変換窓算出器３００は、第１および第２のフレームのピッチ輪郭３０２に関する情報を用いて第１のサンプリング後表現３０１ａについて第１のスケーリング窓を導き出し、第２および第３のフレームのピッチ輪郭に関する情報を用いて第２のサンプリング後表現３０１ｂについて第２のスケーリング窓を導き出す。変換窓算出器３００は、スケーリング窓はサンプルの数が同数であり、第１のスケーリング窓をフェードアウトするために用いられるサンプルの第１の数と、第２のスケーリング窓にフェードインするために用いられるサンプルの第２の数とは、互いに異なる。
オーディオプロセッサ２９０はさらに、第１のサンプリング後表現に対して第１のスケーリング窓を適用し、第２のサンプリング後表現に対して第２のスケーリング窓を適用する窓掛け部３０６を備える。オーディオプロセッサ２９０はさらに、第１および第２のフレームのピッチ輪郭に関する情報を用いて、第１のスケーリング後且つサンプリング後表現をリサンプリングして、第１のリサンプリング後表現を導き出すと共に、第２および第３のフレームのピッチ輪郭に関する情報を用いて、第２のスケーリング後且つサンプリング後表現をリサンプリングして、第２のリサンプリング後表現を導き出し、この際、第２のフレームに対応する第１のリサンプリング後表現の部分のピッチ輪郭は、第２のフレームに対応する第２のリサンプリング後表現の部分のピッチ輪郭に対して所定の許容範囲にあるようにする、リサンプラ３０８を備える。スケーリング窓を導き出すべく、変換窓算出器３００は、ピッチ輪郭３０２を直接受け取るとしてもよいし、または、ピッチ輪郭３０２を受け取ってリサンプリング戦略を導き出す任意のサンプリングレート調整部３１０からリサンプリング情報を受け取るとしてもよい。 FIG. 13 processes a first post-sampled representation of a first frame and a second frame of an audio signal having a frame sequence, and processes a second post-sampled representation of a second frame and a third frame FIG. 6 is a diagram illustrating an embodiment of an audio processor 290. In the frame sequence, the second frame is after the first frame, and the third frame is after the second frame. The audio processor 290 includes a conversion window calculator 300.
The conversion window calculator 300 derives a first scaling window for the first post-sample representation 301a using information about the pitch contours 302 of the first and second frames and relates to the pitch contours of the second and third frames. A second scaling window is derived for the second post-sample representation 301b using the information. The conversion window calculator 300 uses the same number of samples for the scaling window, and is used to fade in the first scaling window and the second number of samples used to fade out the first scaling window. The second number of samples to be obtained is different from each other.
The audio processor 290 further includes a windowing unit 306 that applies a first scaling window to the first post-sampled representation and applies a second scaling window to the second post-sampled representation. The audio processor 290 further resamples the first scaled and post-sampled representation using information regarding the pitch contours of the first and second frames to derive a first post-resampled representation and a second And the information about the pitch contour of the third frame, the second scaled and sampled representation is resampled to derive a second resampled representation, wherein the second frame corresponding to the second frame is derived. A resampler 308 is provided that causes the pitch contour of the portion of the one resampled representation of one to be within a predetermined tolerance relative to the pitch contour of the portion of the second resampled representation corresponding to the second frame. To derive the scaling window, the conversion window calculator 300 may receive the pitch contour 302 directly or receive resampling information from any sampling rate adjuster 310 that receives the pitch contour 302 and derives a resampling strategy. It is good.

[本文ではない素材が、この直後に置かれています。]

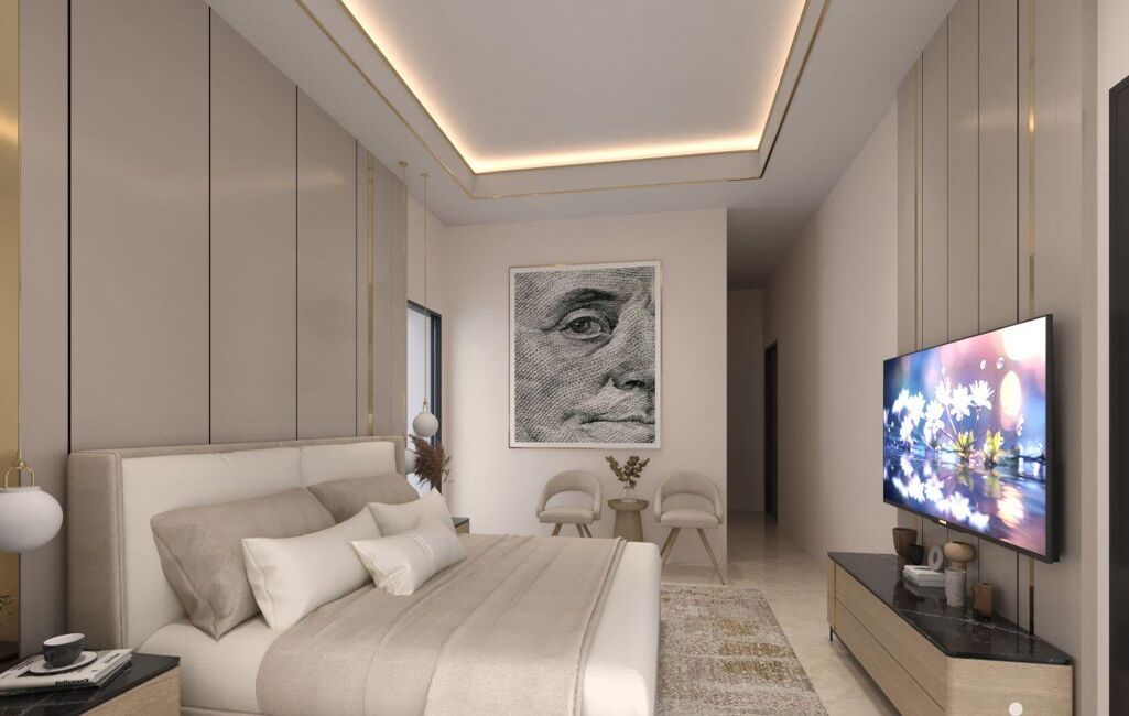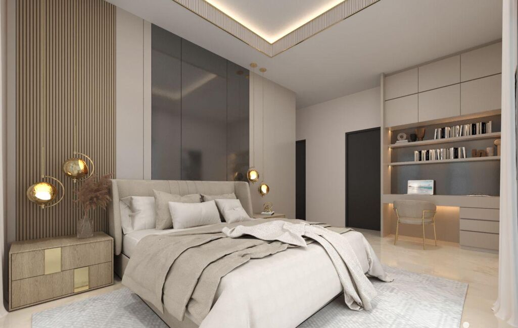 Grand séjour lumineux de 70 m² environ, 5 chambres, chacune avec sa salle de bains et son dressing, cellier, buanderie, domotique, climatisation réversible, panneaux solaires, alarme, vidéosurveillance…
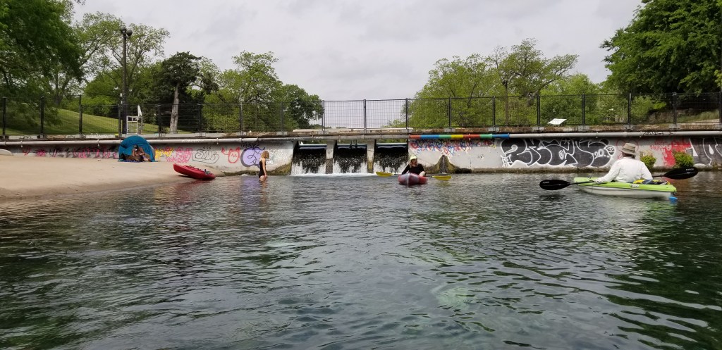 Today’s adventure at Zilker, however, was about kayaking. We canoed here, long ago. My experiences with canoeing over the intervening years have mostly led to wet hair and lost equipment, including shoes, so I decided long ago that canoes are best avoided. This was only our second time kayaking, and it we both enjoyed it.
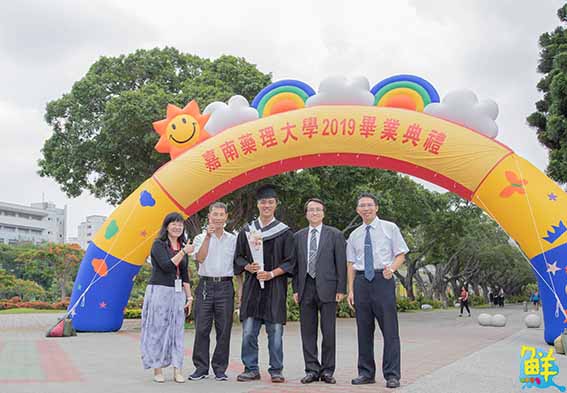 郭隆政說,從小對自己的不完美頗感自卑,能重拾信心肯定自我,除教會的啟發外,就是在嘉藥的學習與生活,讓他堅定積極地面對人生,並以熱愛生命態度去關懷、互勉和他一樣的身障人士。導師張瓊文提到,郭同學熱衷資訊科技領域,不僅高中時已擁有電腦軟體應用和網頁設計丙級相關證照,就讀嘉藥也考取Adobe Illustrator CS6及IC3Applications等專業證照,去年還和同學共同完成資管專題「軍火物品搬運機器人」,獲得台灣國際創新發明暨設計競賽社會組的銅牌獎,現在他又考上屏東大學資管系碩士班,一路走來努力上進精神值得嘉許,足堪所有學子表率。
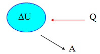 Первый закон (постулат) термодинимики устанавливает, что если к закрытой системе подвести количество тепла Q, и при этом система совершит над окружающей средой работу А,

本発明の別の実施形態によると、オーディオプロセッサはさらに、第２のフレームに対応する第１のリサンプリング後表現の一部分と第２のフレームに対応する第２のリサンプリング後表現の一部分とを加算して、出力信号３２２として、オーディオ信号の第２のフレームの再構成表現を導き出す加算器３２０を任意で備える。第１のサンプリング後表現と第２のサンプリング後表現は、一実施形態によると、オーディオプロセッサ２９０に対する出力として提供されるとしてもよい。別の実施形態によると、オーディオプロセッサは、入力に提供された第１および第２のサンプリング後表現の周波数領域表現から、第１および第２のサンプリング後表現を導き出し得る逆周波数領域変換器３３０を任意で備えるとしてよい。 According to another embodiment of the present invention, the audio processor further includes a portion of the first resampled representation corresponding to the second frame and a portion of the second resampled representation corresponding to the second frame. Optionally, an adder 320 is optionally provided as an output signal 322 to derive a reconstructed representation of the second frame of the audio signal. The first post-sample representation and the second post-sample representation may be provided as outputs to the audio processor 290, according to one embodiment. According to another embodiment, the audio processor includes an inverse frequency domain transformer 330 that can derive first and second post-sampled representations from the frequency domain representations of the first and second post-sampled representations provided at the input. It may be optionally provided.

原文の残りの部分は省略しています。